Aim of the task: Beginning at the line that contains "當談及頭紗,不得不提的是指尖", repeat each line exactly through the last one of the records below, and leave out the pictures.
++++ Data supplied
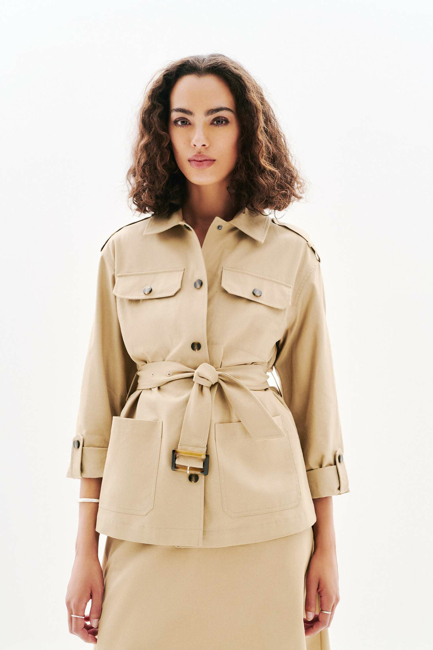 Au-delà de son design, la veste Geraldine mise sur la qualité de ses matières : un mélange de coton et lyocell qui garantit confort et respirabilité. Sa fermeture boutonnée facilite l’ajustement tandis que les manches longues et le col chemise renforcent son style polyvalent.
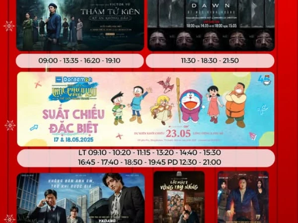 Lịch chiếu phim tại Vincom Thái Nguyên Nha Trang được cập nhật liên tục với nhiều bộ phim đa dạng, phù hợp với mọi đối tượng khán giả. Tại đây, các phim mới nhất như “Lật Mặt 8”, “Thám Tử Kiên: Kỳ Án Không Đầu”, “Until Dawn: Bí Mật Kinh Hoàng” và “Doraemon: Nobita và Cuộc Phiêu Lưu Vào Thế Giới Trong Tranh” được trình chiếu với nhiều khung giờ khác nhau, tạo điều kiện thuận lợi cho người xem lựa chọn.
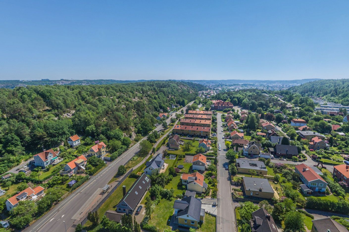 Här bor du i ett stillsamt och grönskande område, med naturen bokstavligen runt knuten och samtidigt nära till stadens bekvämligheter, skolor och kommunikationer. Ett hem som erbjuder både rymd, möjligheter och ett attraktivt läge. Tänk att du kan promenera eller cykla in till Göteborg härifrån!
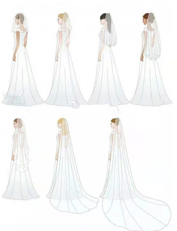 當談及頭紗,不得不提的是指尖式頭紗(Fingertip),這種風格在英國凱特王妃的婚禮上大放異彩,因其輕薄的布料不僅能展現婚紗背部的精緻設計,還能營造出一種夢幻而浪漫的氛圍。這類頭紗的設計既優雅又具有現代感,非常適合追求時尚和獨特風格的新娘。
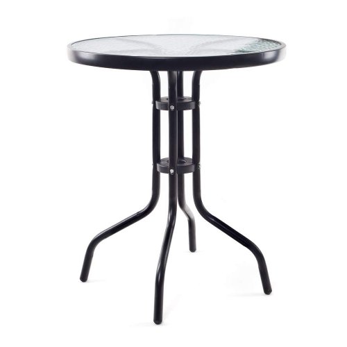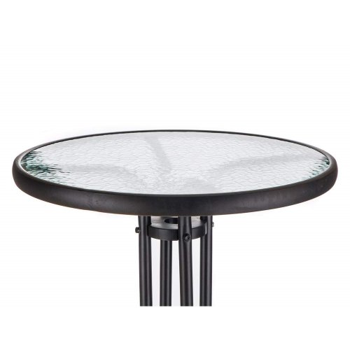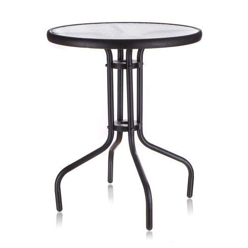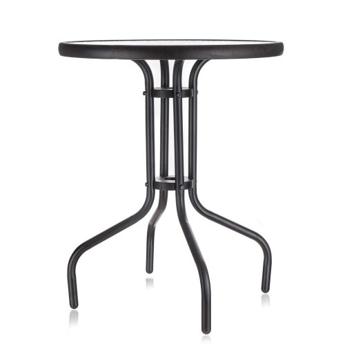 Stolek kovový průměr 60 cm, výška 70 cm se skleněnou deskou v černém provedení je vhodný všude tam, kde potřebujete větší stabilní rovnou plochu. Stolek je lehký, snadno se s ním manipuluje. Stolek využijete na zahradě, terase nebo balkónu.
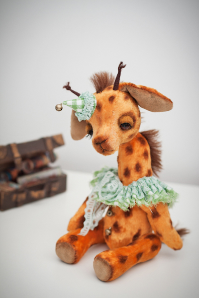 DETAILS: Needle-felted muzzle, tinted with oil paints, hands are wired, wear clown hat and collar
++++++++
Answer section:
 當談及頭紗,不得不提的是指尖式頭紗(Fingertip),這種風格在英國凱特王妃的婚禮上大放異彩,因其輕薄的布料不僅能展現婚紗背部的精緻設計,還能營造出一種夢幻而浪漫的氛圍。這類頭紗的設計既優雅又具有現代感,非常適合追求時尚和獨特風格的新娘。
 Stolek kovový průměr 60 cm, výška 70 cm se skleněnou deskou v černém provedení je vhodný všude tam, kde potřebujete větší stabilní rovnou plochu. Stolek je lehký, snadno se s ním manipuluje. Stolek využijete na zahradě, terase nebo balkónu.
 DETAILS: Needle-felted muzzle, tinted with oil paints, hands are wired, wear clown hat and collar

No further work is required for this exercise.